** Data for review follows **
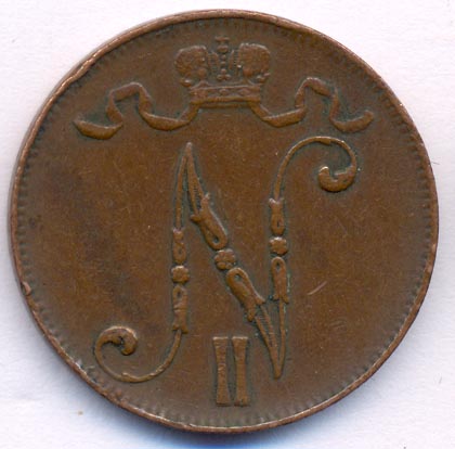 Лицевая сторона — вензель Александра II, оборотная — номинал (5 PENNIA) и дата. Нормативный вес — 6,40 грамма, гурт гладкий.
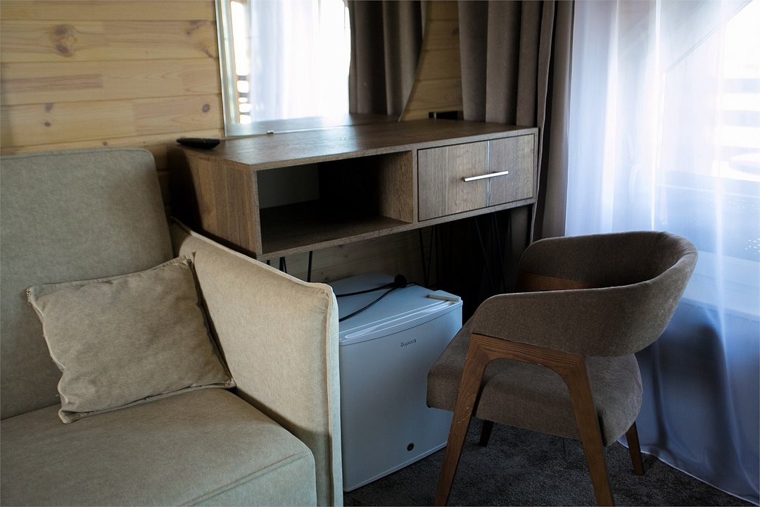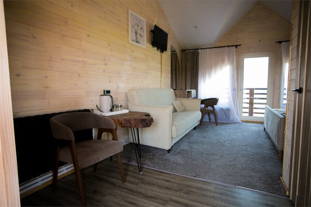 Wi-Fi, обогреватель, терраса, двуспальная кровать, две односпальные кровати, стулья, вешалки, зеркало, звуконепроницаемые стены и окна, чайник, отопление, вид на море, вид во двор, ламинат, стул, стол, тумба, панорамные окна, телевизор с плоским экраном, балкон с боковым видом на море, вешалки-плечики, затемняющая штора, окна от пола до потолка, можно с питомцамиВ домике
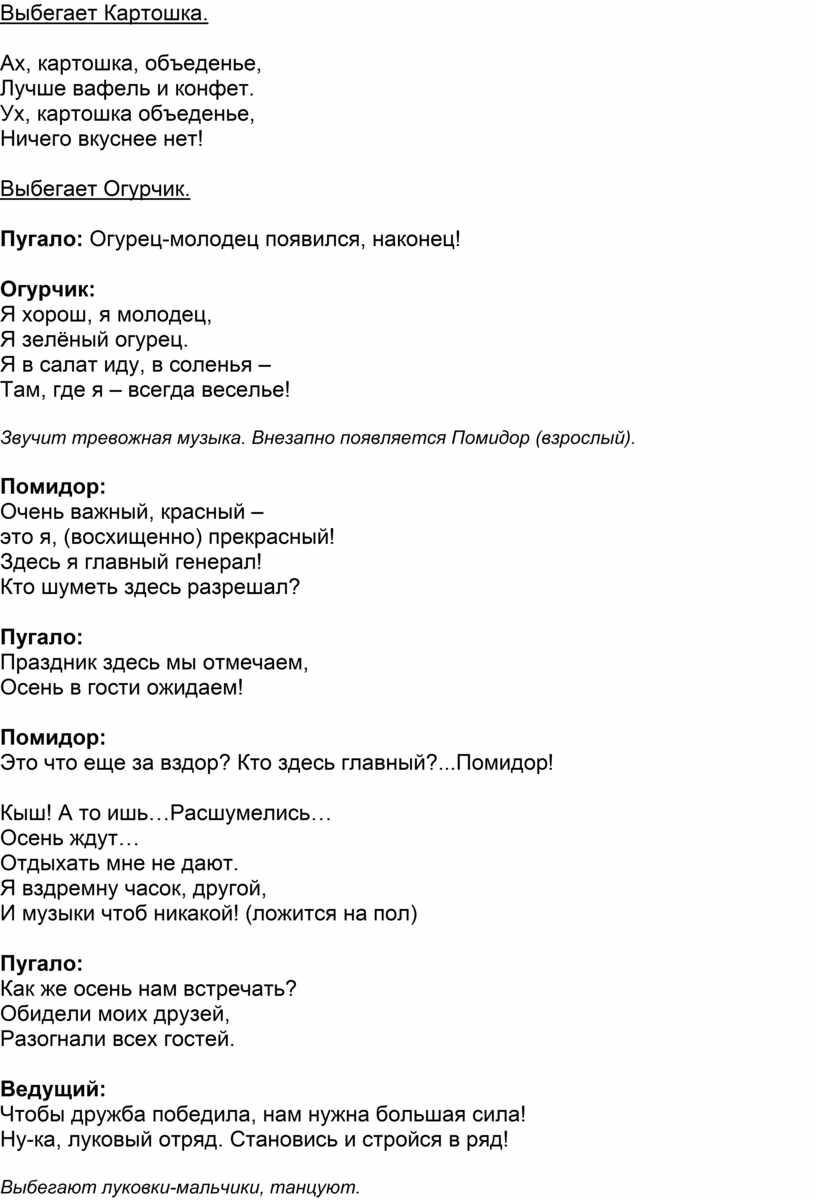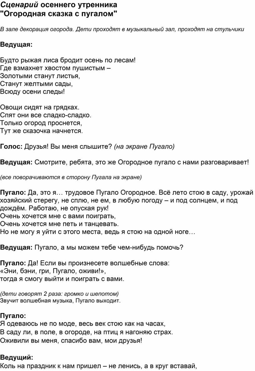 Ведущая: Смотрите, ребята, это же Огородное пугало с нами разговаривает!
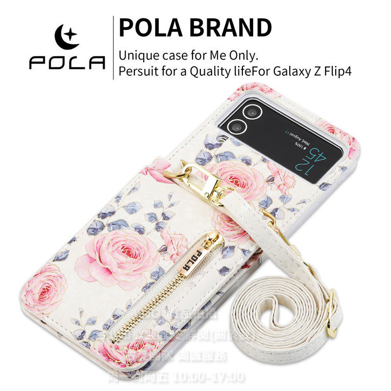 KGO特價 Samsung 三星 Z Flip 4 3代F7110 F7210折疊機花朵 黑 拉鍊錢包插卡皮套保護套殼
** End of Data for review **
** Data for review follows **
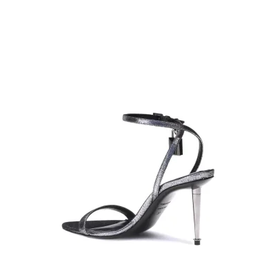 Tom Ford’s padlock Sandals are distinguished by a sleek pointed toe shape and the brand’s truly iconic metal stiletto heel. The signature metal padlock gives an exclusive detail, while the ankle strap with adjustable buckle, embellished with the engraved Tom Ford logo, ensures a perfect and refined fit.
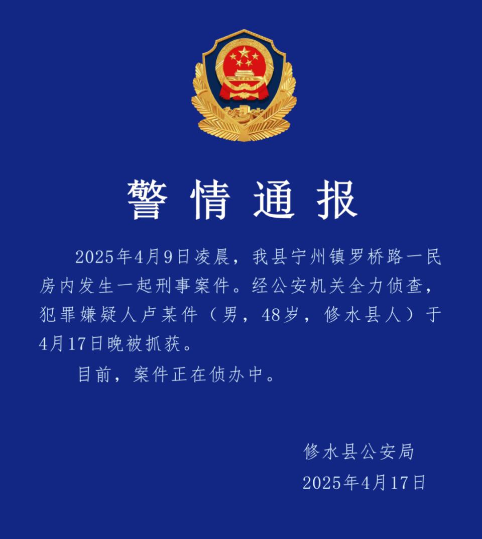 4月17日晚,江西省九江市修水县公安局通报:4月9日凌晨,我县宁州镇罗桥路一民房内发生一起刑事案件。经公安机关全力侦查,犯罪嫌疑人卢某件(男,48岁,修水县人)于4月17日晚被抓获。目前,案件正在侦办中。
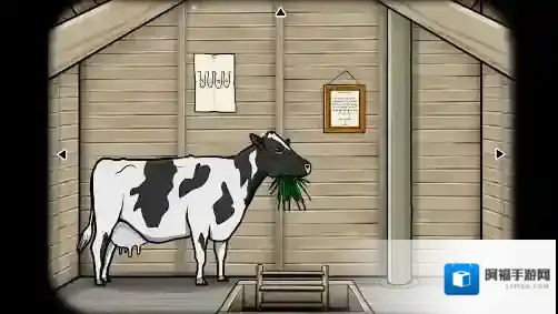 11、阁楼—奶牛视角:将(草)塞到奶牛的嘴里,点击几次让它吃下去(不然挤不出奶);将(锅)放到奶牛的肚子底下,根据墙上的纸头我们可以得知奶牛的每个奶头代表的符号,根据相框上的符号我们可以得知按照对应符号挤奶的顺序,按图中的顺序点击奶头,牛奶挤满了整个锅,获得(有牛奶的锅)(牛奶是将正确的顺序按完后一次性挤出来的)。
** End of Data for review **
**How to complete this task:**
Every line above in the stretch from the one with "Ведущая: Смотрите, ребята, это" through the one with "KGO特價 Samsung 三星" is to be transcribed exactly, ends included. No picture is copied.

**Your solution:**
 Ведущая: Смотрите, ребята, это же Огородное пугало с нами разговаривает!
 KGO特價 Samsung 三星 Z Flip 4 3代F7110 F7210折疊機花朵 黑 拉鍊錢包插卡皮套保護套殼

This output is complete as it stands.